Calls mount for transparency about South Africa’s jet fuel supply
The unresolved conflict in the Middle East and the subsequent closing of the Strait of Hormuz have had a widespread effect on global transport, including the supply of jet fuel.
With refineries ending up in the crosshairs of the conflict, production slowed down, which, coupled with the closed strait, has led to a global shortage.
This has led to a steep rise in refined Jet-A1 prices, forcing local airlines to implement measures that include fuel surcharges on tickets.
According to the Airlines Association of Southern Africa (AASA), jet fuel prices in Southern Africa have more than tripled from around R8.50 per litre in mid-February to over R30.00 per litre by mid-April.
“The increases have exacerbated the situation for African airlines, which, even before the current crisis, were paying some of the highest jet fuel prices in the world,” noted AASA CEO Aaron Munetsi.
Now, however, the association has expressed concerns regarding the lack of clarity on the availability of jet fuel across Southern Africa beyond May.
“Airlines require certainty on the security of jet fuel supplies beyond a six-week horizon if they are to maintain their schedules and fulfil their obligations to customers,” said Munetsi
“While we hope the situation in the Gulf will be resolved sooner, so fuel shipments can resume, we must safeguard aviation in case the impasse continues.”
The AASA is now calling on the region’s fuel suppliers, airports, depots, and governments to urgently share their contingency fuel allocation and distribution plans with the local aviation industry.
The association mentioned that even once blockades in the strait are lifted, it will take months for fuel production to return to its previous output, as several refineries have been damaged and will need to be repaired or rebuilt.
“This is why we need transparent updates on fuel stocks, including what has been ordered but must still be delivered, as well as the status of national strategic fuel reserves, the conditions that would trigger their release and how those reserves would be allocated and prioritised,” said Munetsi.
Operating amid disruptions

Air transport is a crucial pillar for the Southern African Development Community (SADC) member economies, and particularly susceptible to fuel supply disruptions, as it relies almost entirely on imported crude oil and refined jet fuel.
According to Munetsi, jet fuel accounts for up to 40% of some of the region’s carrier costs, which is why the latest spike prompted SADC-based airlines to implement cost recovery mechanisms.
These measures include fuel surcharges, while some carriers have already reduced flight frequencies, and others are consolidating flights.
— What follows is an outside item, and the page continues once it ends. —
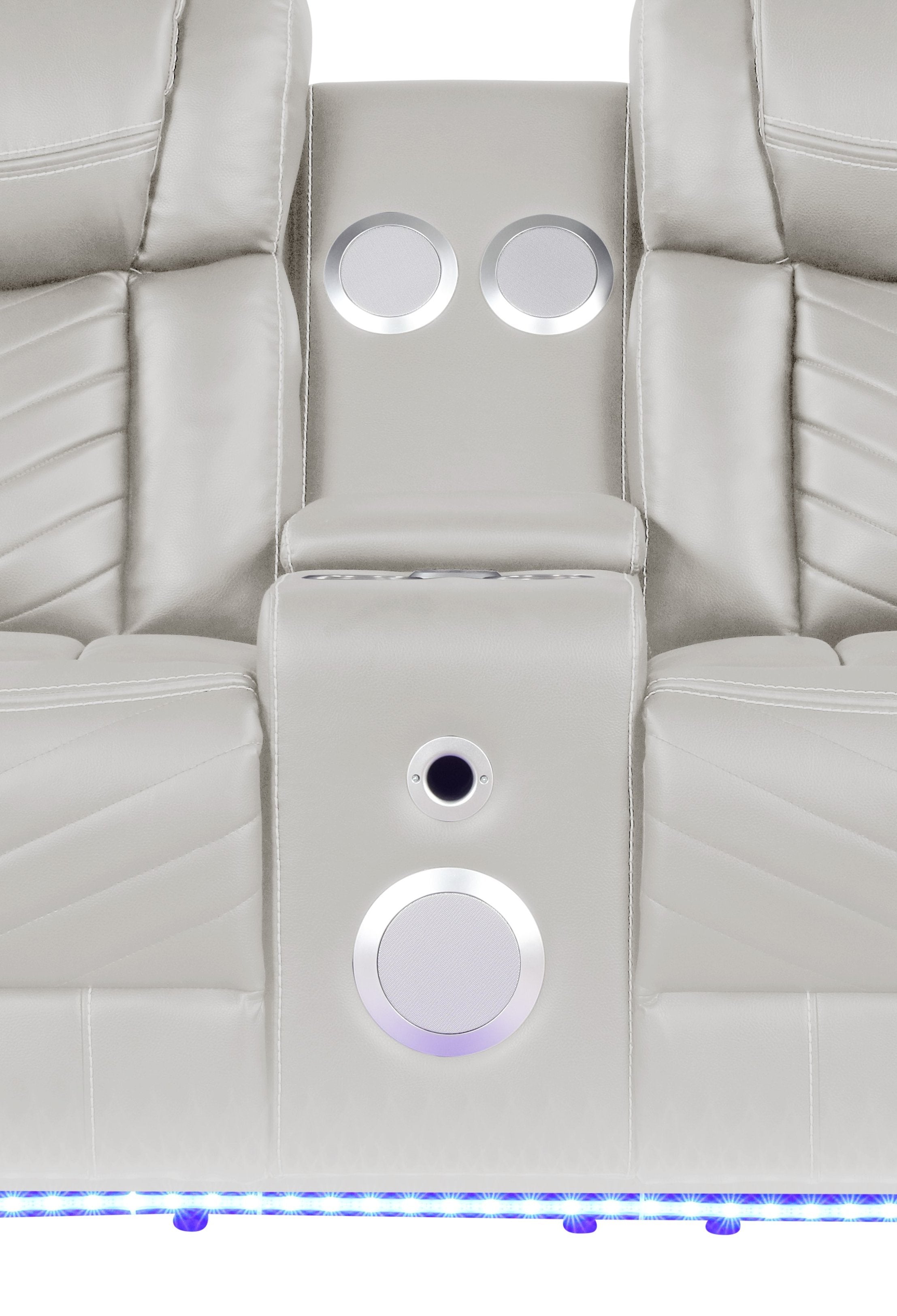 - Additional Convenience: Sofa includes a fold-down center console with cup holders; LED base lighting on each piece creates a subtle ambient glow.

However, Munetsi noted that airlines cannot plan or operate in an information vacuum, noting that they are painfully aware of the pressure that increased ticket prices exert on their customers.
He added that there will also be ripple effects across nations’ economies, especially considering how much they depend on air transport to ship pharmaceuticals and other perishables, e-commerce goods, and high-value cargo.
“At the same time, airlines should not be expected to absorb the shock on their own,” declared Munetsi.
“Airports and air navigation service providers must also come to the fore and collaborate with airlines in this regard.”
He concluded, saying that now is the time for airports to take responsibility, ensuring that they operate with maximum efficiency by eliminating congestion and delays that waste fuel and increase costs.